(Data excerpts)
=== Section Start ===

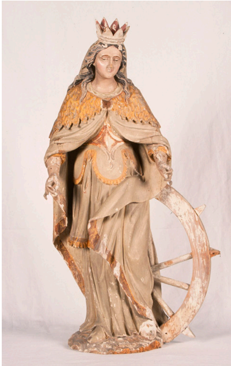
Statue de sainte Catherine à l'entrée du chœur, 19e siècle.
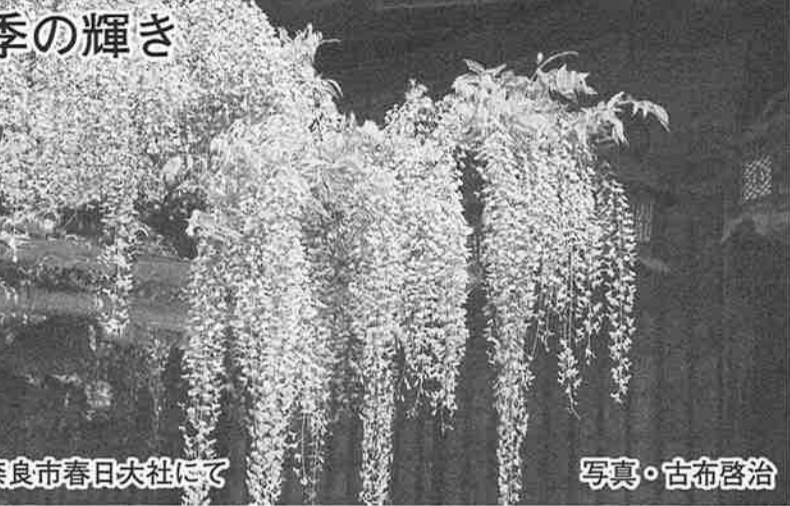
主な会員増加拠点

⑥併せて本部ではビジョン推進のため「組織並びに運営の在り方検討P.T.」組織運営のための人材の育成(後継者の育成も急務である)。「財政健全化の在り方検討P.T.」ナルクが存続するため経営基盤の確立が極めて重要である。「地域と共に在り方検討P.T.」「広報部門強化検討P.T.」各P.T.とも積極的に活動を開始している。
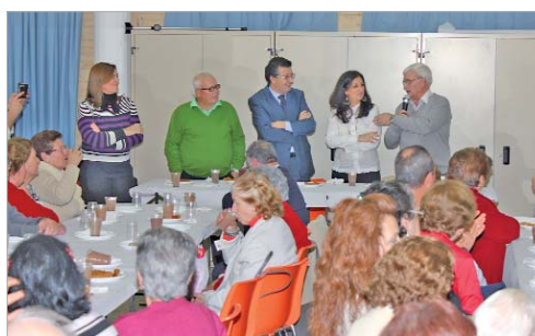
Centro de Día 'Pablo Picasso'.

En el '20 de Julio' se reconoció el trabajo de algunas usuarias por su dedicación e implicación
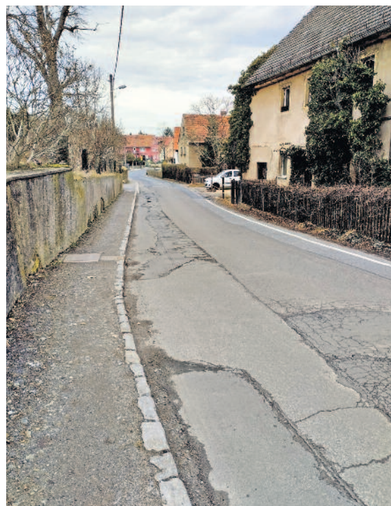
Weiterhin ist Geduld gefragt, bis der Straßenabschnitt in der Hauptstraße im Langebrücker Unterdorf saniert wird.

Ferienzeit ist bekanntlich Bauzeit und wird sehr gern für Straßenbauarbeiten genutzt. In der Ortschaft Langebrück ist ein Tausch der Deckschicht auf der Hauptstraße vorgesehen. Dies betrifft den Abschnitt zwischen den Hausnummern 22 und 34. Seitens der Verwaltungsstelle Weixdorf/Langebrück wurde angefragt, ob es nicht außerhalb der Ferien möglich sei. Wie es in der Mitteilung heißt, lehnte die zuständige Sperrkoordinierung beziehungsweise die Straßenverkehrsbehörde die Bitte ab. Konkret wurde vorgeschlagen, ob die Umleitung während der Bauzeit über die Lessingstraße/Klotzcher Straße erfolgen kann und somit zu einem anderen Zeitpunkt realisiert werden könnte.
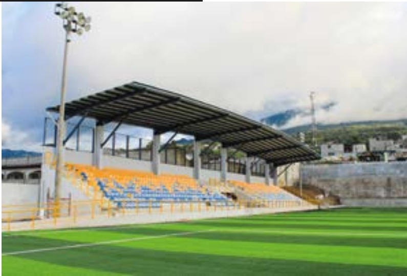
El Estadio Municipal Hunapú, llamado así en honor al Volcán de Agua, cuenta con 1600 butacas y espacios para sillas de ruedas.
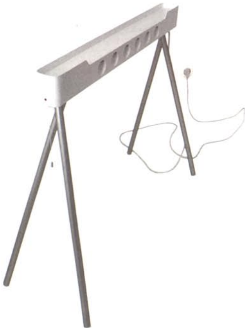
Der „Ebock“ von Frey + Boge räumt auf: Unter der Tischplatte bietet er sechs Anschlussmöglichkeiten für elektronische Geräte.
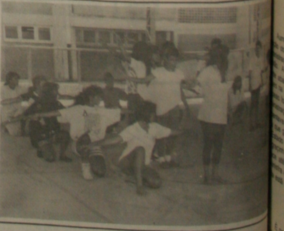
Alunos da rede escolar, ensaiam a coreografia para abertura dos XIV Jogos da Primavera.

=== Section End ===

> THE PROBLEM: Exact copies of the lines from the one containing "Weiterhin ist Geduld" through the final line of the data are required; pictures are to be omitted.

> RESPONSE AREA:
Weiterhin ist Geduld gefragt, bis der Straßenabschnitt in der Hauptstraße im Langebrücker Unterdorf saniert wird.

Ferienzeit ist bekanntlich Bauzeit und wird sehr gern für Straßenbauarbeiten genutzt. In der Ortschaft Langebrück ist ein Tausch der Deckschicht auf der Hauptstraße vorgesehen. Dies betrifft den Abschnitt zwischen den Hausnummern 22 und 34. Seitens der Verwaltungsstelle Weixdorf/Langebrück wurde angefragt, ob es nicht außerhalb der Ferien möglich sei. Wie es in der Mitteilung heißt, lehnte die zuständige Sperrkoordinierung beziehungsweise die Straßenverkehrsbehörde die Bitte ab. Konkret wurde vorgeschlagen, ob die Umleitung während der Bauzeit über die Lessingstraße/Klotzcher Straße erfolgen kann und somit zu einem anderen Zeitpunkt realisiert werden könnte.
El Estadio Municipal Hunapú, llamado así en honor al Volcán de Agua, cuenta con 1600 butacas y espacios para sillas de ruedas.
Der „Ebock“ von Frey + Boge räumt auf: Unter der Tischplatte bietet er sechs Anschlussmöglichkeiten für elektronische Geräte.
Alunos da rede escolar, ensaiam a coreografia para abertura dos XIV Jogos da Primavera.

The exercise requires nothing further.